I think this could be the basis for a dynamite episode on "Criminal Minds."
But isn't the whole point of having a mascot to appeal to children? I don't think adults care that much about people in furry costumes.
Fuck, I hate Brutus the Buckeye. The Ohio cougar is my hero!
So State and PU spend money on research, development, market research, and prototypes only to shit can the whole project when their respective fan base gives them the big FU?
Reminiscent of the GAP logo:
You win some, you lose some. But you live... you live to fight another day.
This is one of the reasons that I am happy Michigan does not have an on field mascot.
I could get behind Michigan having a real wolverine on the sidelines though. Heck, they could have one of the cages like the Raptor cage in Jurassic Park on a shaker table with a sound board.
I read about Fielding Yost arranging to have a live wolverine be wheeled around the big house at games in the early 30's. He was inspired to do that after Wisconsin had made it a habit of wheeling a caged badger at their home games...(most likely the only time we copied Wisconsin in anything).
I believe that little tradition only lasted a couple years because it was too much of a hassle trying to get the wolverine in it's cage without being, you know, mauled to death.
But if they ever want to try it these days, I think those 2 wolverines still live at the Detroit Zoo. An MSU fan who works there named them "Sparty" and "Bucky."
"Bennie" and "Biff" were introduced that year to commemorate the opening of Michigan Stadium. The concept was soon scrapped, as wolverines don't like being caged.
I'm still with the guy that suggested the Jurassic Park-style cage. We can just get one of those big metal moving crates they used on Ilsa Nublar. The only guy that will have to worry about being mauled is the gatekeeper.
Is it just me, or does the old Purdue Pete look like Kevin Mchale?
They should have made PP either with an angry face, or a happy one -- pick one or the other, and go with it. Instead, they opted for some strange hybrid of both with an incredibly disturbing & vacant stare.
Look into PP's eyes; there is nothing there. They are dead. These are the eyes of a serial killer.
They still both remind me of the Murray's Auto Parts guy, in a terrifying, childhood nightmares sort of way.
IIRC the concept of a walkaround costume mascot was proposed ~1990. It was almost as dorky looking as the fake Michigan mascot being pummeled by MSU fans that made it onto that Bryant Gumbel HBO show.
And much dumber than the Willy The Wolverine that prowls the sidelines at Grove City College in PA (red wings/stripes on white helmets btw):
That's not too bad but it doesn't look like a wolverine. Looks more like a wolf who died his hair slightly blonde.

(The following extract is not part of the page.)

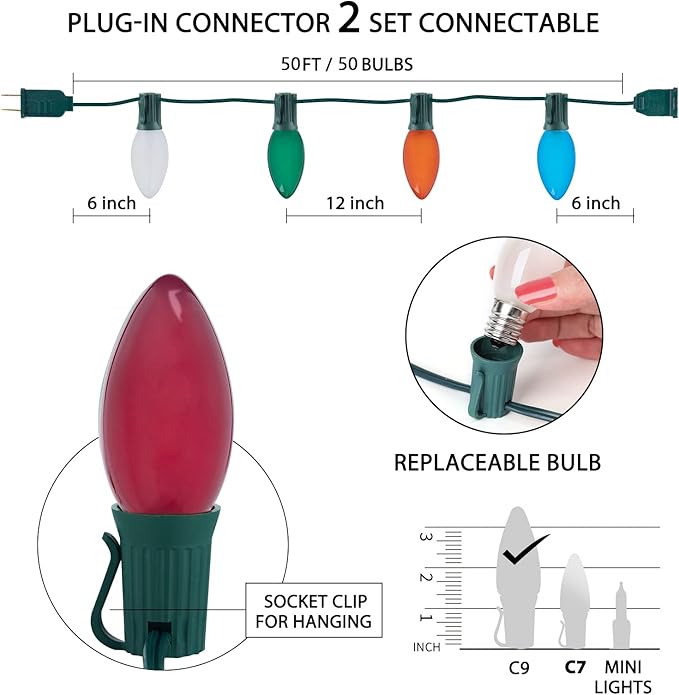 Multicolor C9 Christmas Lights Ceramic, C9 50ft Vintage Incandescent String Lights with Opaque Bulbs for Christmas Tree Patio Roofline Outdoor Indoor Holiday Xmas Decorations, 50 Bulbs with 2 Spare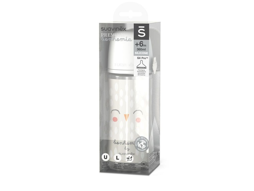SUAVINEX | Fľaša BONHOMIA 360 ml fyziologická SX PRO +6 LF - biela

I honestly cant tell the difference? It just looks like the new one ate a shit ton of pizzas and played WoW for a year straight.
So Purdue Pete finally finished freshman year?
no srsly, WTF. ANSWER ME PURDUE!
Purdue has that damn train already, why don't they just get rid of the stupid, creepy head? The body is just some football player, I don't think they make boilers wearing pads...
It's not really even a full-scale mascot. It's like the kid that went out on Halloween with the Spiderman mask and his winter jacket over the rest. Not a full costume - not a real mascot.
So you're saying it's not a mask at all but that dude from that Cher and Sam Elliot movie?